“Pap’ll take her ef he kin git her,” Figger sighed. “He ain’t pertickler. He wants money to start a saloon.”
“Us’ll bofe close up dis saloon to-night an’ go out an’ take a look on,” Skeeter announced. “Dis town kin do without two nigger saloons. One is a plum’ plenty. Who is dis here nigger woman anyhow?”
“She’s ole Isaiah Gaitskill’s stepchile,” Figger informed him. “She takes atter her maw in fat-hood. She’s a widder woman an’ her deceasted husbunt left her a lot of insurance dollars.”
“Gosh!” Skeeter sighed in desperation. “Pap Curtain an’ a widder woman! Two ag’in’ one—I ain’t got no show. Life ain’t fitten to live no more.”
II
PLEASURE AND PROFIT
In the evening Skeeter Butts followed Figger out to the old tabernacle grounds and was amazed at the transformation of the place.
Wash Jones had moved many of the benches out of the building and had placed them under trees and in the groves. He had made sawdust trails from the tabernacle to the edge of the lake, to the Shin Bone eating-house, and to all other places where a little money could be coaxed from the pocket of the pleasure-seeker.
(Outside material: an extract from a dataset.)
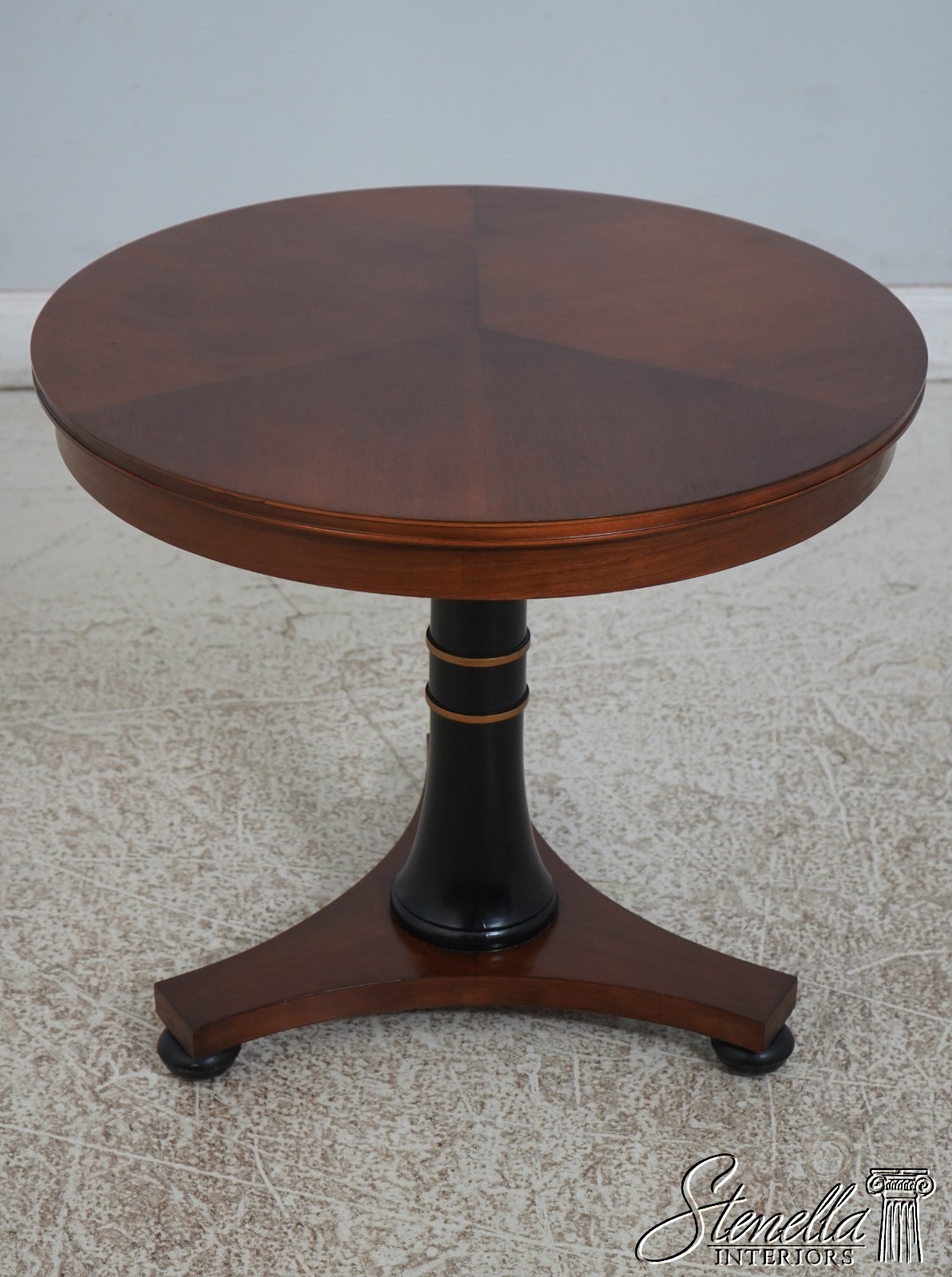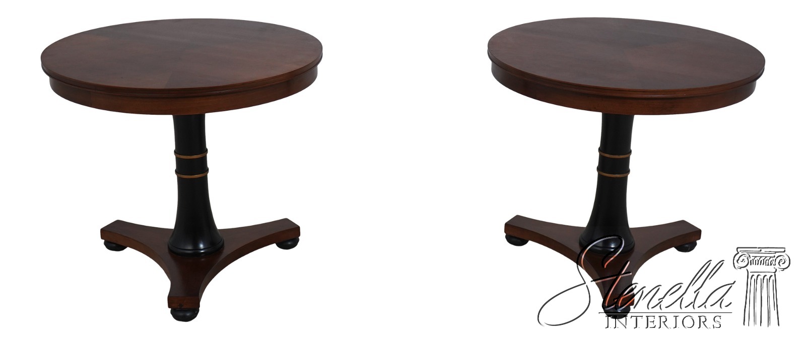 67549: Pair DREXEL Round Cherry Pedestal Accent Lamp Tables

He had made a dancing-floor in a part of the tabernacle, arranging seats around it for the sightseers. He had erected refreshment-booths in other portions of the building, and also a band-stand, where the sweating, hard-worked black Tickfall brass band was having the most hilarious time of their lives.
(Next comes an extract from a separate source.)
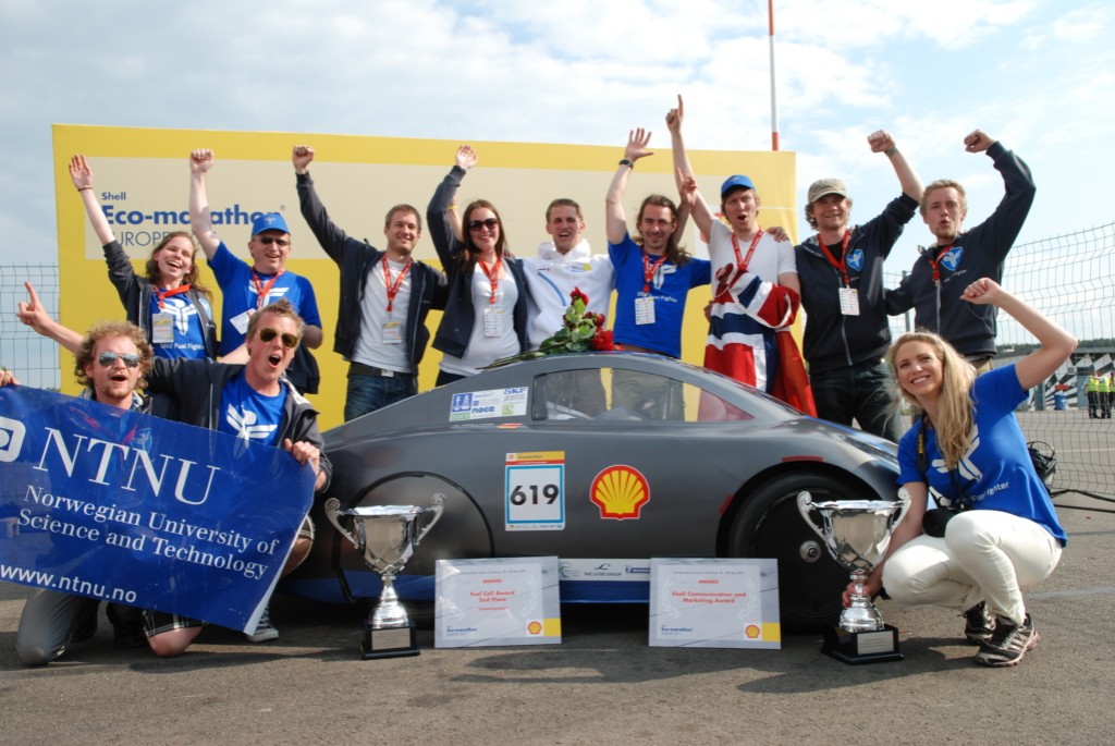 The first NTNU team to compete in Shell Eco-marathon was in 2008. The car was built over two years (2007-2008) by 13 students and, at the competition, the team finished second overall and won two special awards for communication and road safety.

Negroes had come in from the plantations for miles around. Horses were tied to all the trees, wagons and buggies were sheltered in the woods, and a great mob of folks moved up and down the sawdust avenues or tramped the woods, shouting, laughing, cutting monkey-shines, and eating popcorn balls, hot dogs, and sandwiches made of fried catfish.
It was a noisy, boisterous, rollicking place which Skeeter entered.